Sounds simple enough, I know. But you have to give it time, it has to be a lifestyle, and you can not succumb to the notion that it doesn’t work for you.  What you think and what you do will translate into what you become.  Train Hard.  Eat Smart. Be Well.

The AB-solute Truth

imagesIt is generally not my job to tell people what they want to hear.  After all, if they’re seeking to accomplish a goal, more times than not, it involves taking them out of their comfort zone, and not just physically.  And who wants to be told what to do and what not to do when they would be much more content doing what they comfortably enjoy?  My favorite such tidings of bad joy to deliver to people is the never ending saga of obtaining flat, ripped abs.

Buyer Beware

It never ceases to amaze me the things infomercial marketers will tell you to buy their latest ab contraption. This product is “backed by a university study”; results are guaranteed or your money back; in just minutes a day, you’ll have washboard abs.  Blah! Blah! Blah! To boot, they’ll even feature a model to show you how he/she obtained their physique by using their product.  Unfortunately, while I find these ads and lies comical, someone somewhere is making millions off a sucker that is born every second.

The Truth

OK.  Here’s where I tell the things most don’t want to hear. There isn’t one, not one, abdominal exercise that will remove fat from your belly and replace it with a studded six pack.  The really bad news:  there NEVER will be. It’s not how it works.

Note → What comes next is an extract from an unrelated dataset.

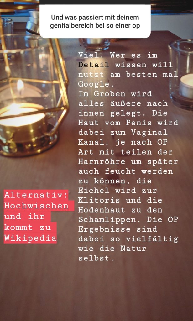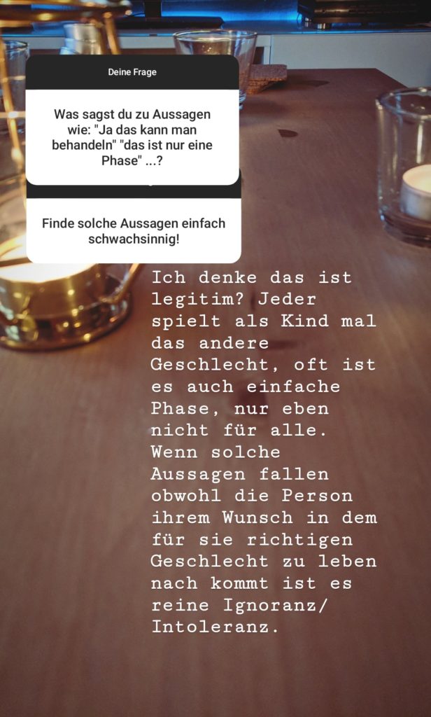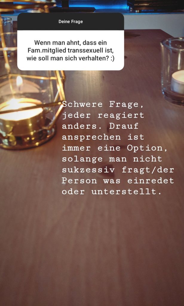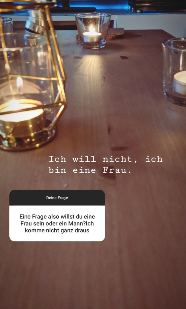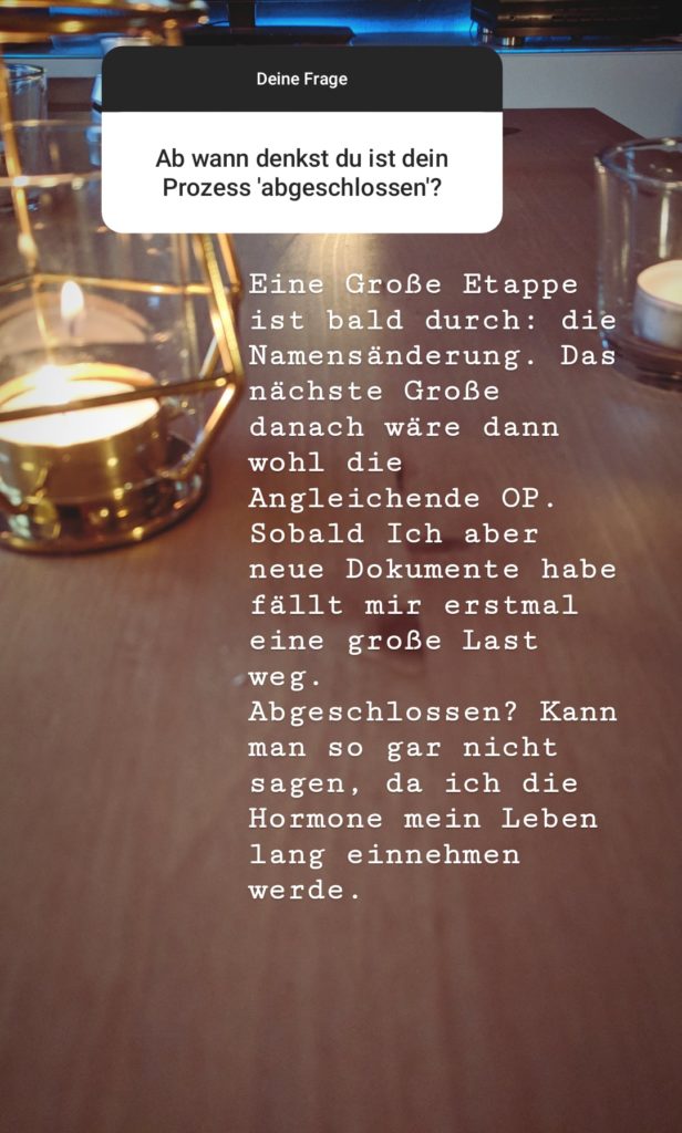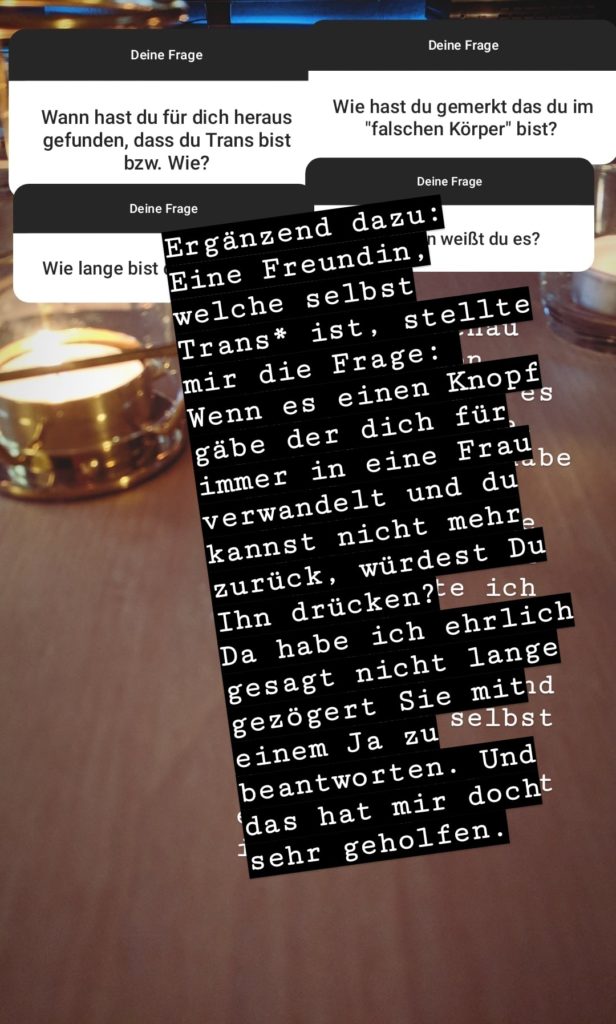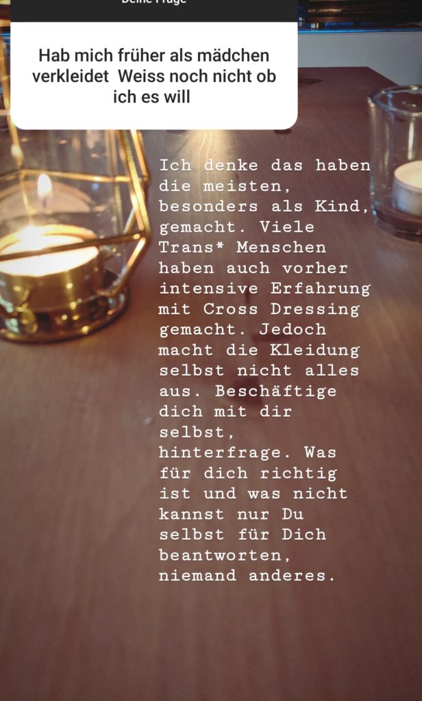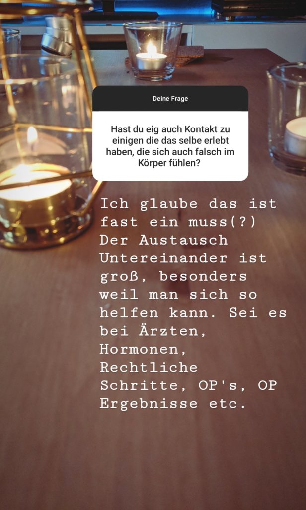 Kurz nach 20uhr habe ich den Account wieder verlassen, mit der Info dass man mir gerne auch privat schreiben darf bei Fragen. Das taten auch manche, einige bekundeten wie toll und klasse sie meine Offenheit fanden, andere dass ich versucht habe alles bestmöglich zu beantworten. Dann waren da aber noch 5 Nachrichten. 5 Nachrichten von Leuten denen ich Kraft geben konnte, 5 Leute die mir nach meiner Story schrieben sie werden den Weg der Transition auch einschlagen – dies kam natürlich nicht in der ersten Nachricht sondern nach einem längeren Chat.

Just because you feel a “burn” in your abdominal area does NOT mean you are melting fat off your belly.  Oh no, it’s much more complex than that.  I use to laugh at the 30 minute ab classes and the resulting low back, neck strain complaints that came from the participants.  “But my abs are sore” they would say.  Sounds like a good time.

The Solution

Here I go again.  It’s hard work and there’s simply no short cuts.  The good news is that a lot of research is emerging that proves what I’ve taught and felt all along.  Cardio is not the answer, you must incorporate high intensity resistance training, and you better believe it requires a clean, nutritious eating plan – not a diet. Wasting time doing senseless, redundant, non-functional, ab exercises will yield you nothing more than a lot of frustration.  And save your money on those hilarious infomercials; you’ll need money for real food and new clothes.